Ter info:
De startprocedure van de motor kan licht afwijken van het ene motormerk
tot het andere. Lees ook de motorhandleiding erover na in het hoofdstuk
12.1 'Algemeen'. De belangrijkste onderdelen worden in verschillende
uitvoeringen getoond.
10.5. Stoppen van de motor
NOODSTOPBEUGEL NAAR VOREN DUWEN
= MOTOR UITGESCHAKELD
• Voor het stoppen van de motor schuift men de gashendel - of draait men de knop - in de 'OFF'-
stand.
• Uitschakelen van de machine kan ook door de noodstopbeugel achterwaarts te drukken. Draai,
indien aanwezig, de benzinekraan dicht.
Let op:
Zolang de motor niet volledig uitgelopen is na het uitschakelen, blijven de
messen doordraaien. Voer bijgevolg nog geen onderhoudswerkzaamheden uit.
28
10.6. Werken met de machine
Waarschuwing:
Afschermkappen beschermen tegen draaiende onderdelen.
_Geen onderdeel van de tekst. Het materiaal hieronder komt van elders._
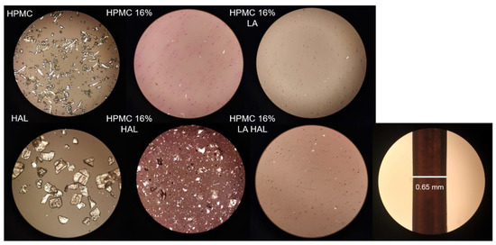 Polarized light microscopy of raw materials HPMC and haloperidol (HAL) and printed discs HPMC 16%, HPMC 16% lactic acid (LA), HPMC 16% LA HAL, and HPMC 16% HAL (magnification ×10), stencil height 500 µm.
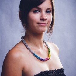 Díky použitému materiálu je náhrdelník překvapivě lehký, barvy jsou výrazné a stálé. Náhrdelník je vhodný pro alergiky.
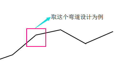 白線是大致走向,然后進行平曲線設計(就是具體定下這個彎怎么過,比如我們經過計算定出了紅線)一般的路是拐來拐去的,比如:
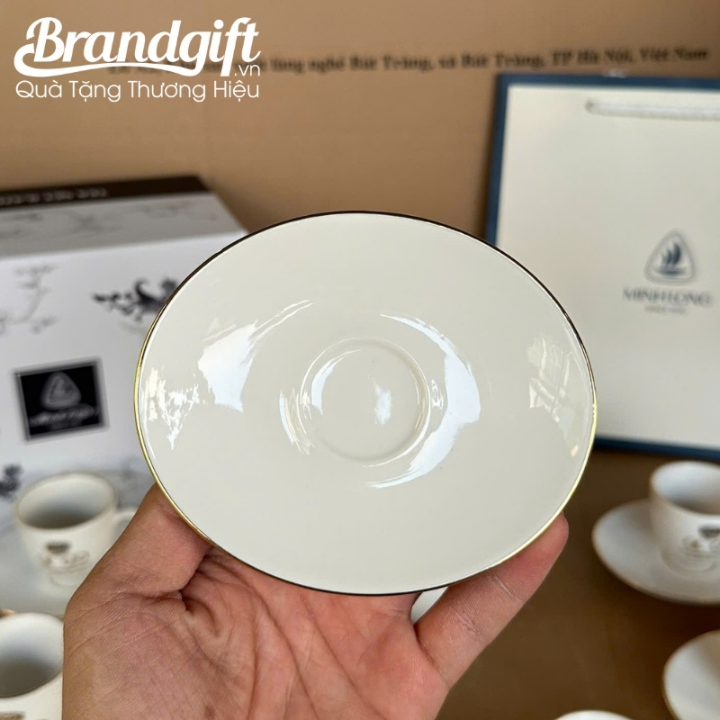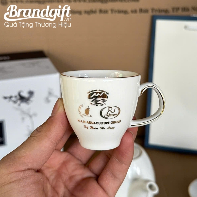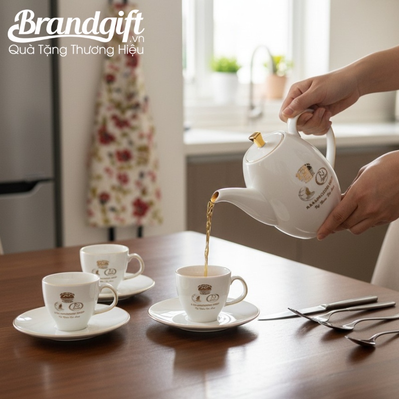 - BrandGift hỗ trợ in decal logo lên cả ấm và chén theo yêu cầu. Công nghệ in chất lượng cao đảm bảo logo bền màu, không phai, đồng bộ hóa hình ảnh doanh nghiệp trên toàn bộ sản phẩm.

Bij een lopende
motor mag men dus nooit met de handen of andere lichaamsdelen achter
deze afschermkappen komen.
10.6.1.
Voor de aanvang van het werk
Neem nota van de volgende veiligheidsvoorschriften alvorens u aan het werk begint:
• De bediener draagt de gepaste kleding, handschoenen en beschermingsattributen zoals
voorgeschreven in deze handleiding (zie § 8.3 Veiligheidsvoorschriften).
• Een goede tuinman maakt een goede planning en gaat geordend te werk. Zo behoudt hij
best het overzicht op het werk en voorkomt hij ongevallen of verkeerde handelingen met de
machine.
• Alvorens het werk aan te vatten, werd het hout reeds systematisch gestapeld; dikke takken,
dunne takken, bladeren en vochtige producten. Bovendien moet ervoor worden gezorgd dat er
geen vreemde voorwerpen tussen het materiaal zitten.
• Voor men met de machine begint te werken moet men de deflectorklep van de blaaspijp
richten. Zorg ervoor dat u bij de aanvoer van het snoeiafval niet door de projectiezone van de
blaaspijp moet.
• Men zal enkel de motor starten op de plaats waar men zal werken.
• Men zal een machine met benzinemotor nooit in een gesloten ruimte laten draaien. Er treedt in
dat geval gevaar op voor vergiftiging door de uitwasemingen van de motor.
10.6.2. Tijdens het werk
Let op:
Bij het invoeren mag de bediener
nooit met de handen achter het
stalen schild komen. Door het oplichten
van dit schild neemt de bediener zijn
eigen bescherming tegen
terugvliegende houtsnippers weg.
• Bij het inbrengen van het materiaal in de invoertrechter houdt men dit steeds stevig vast.
Door de draaiing van de messenas wordt het hout vanzelf in de machine getrokken. Indien de
bediener het hout in aanvang niet blijft vasthouden wordt het veel te snel in de versnipperaar
getrokken wat onvermijdelijk leidt tot het vastslaan van de messenas. De bediener zal de
invoersnelheid zelf regelen door het hout sneller of trager toe te laten. Deze invoersnelheid zal
variëren afhankelijk van de dikte van de tak.
• De bediener zal met aandacht naar het motorregime luisteren bij het invoeren van het hout.
Als hij merkt dat de motor het moeilijk (sterk in toerental dalen) zal hij dadelijk het materiaal
terugtrekken om de motor terug op toeren te laten komen.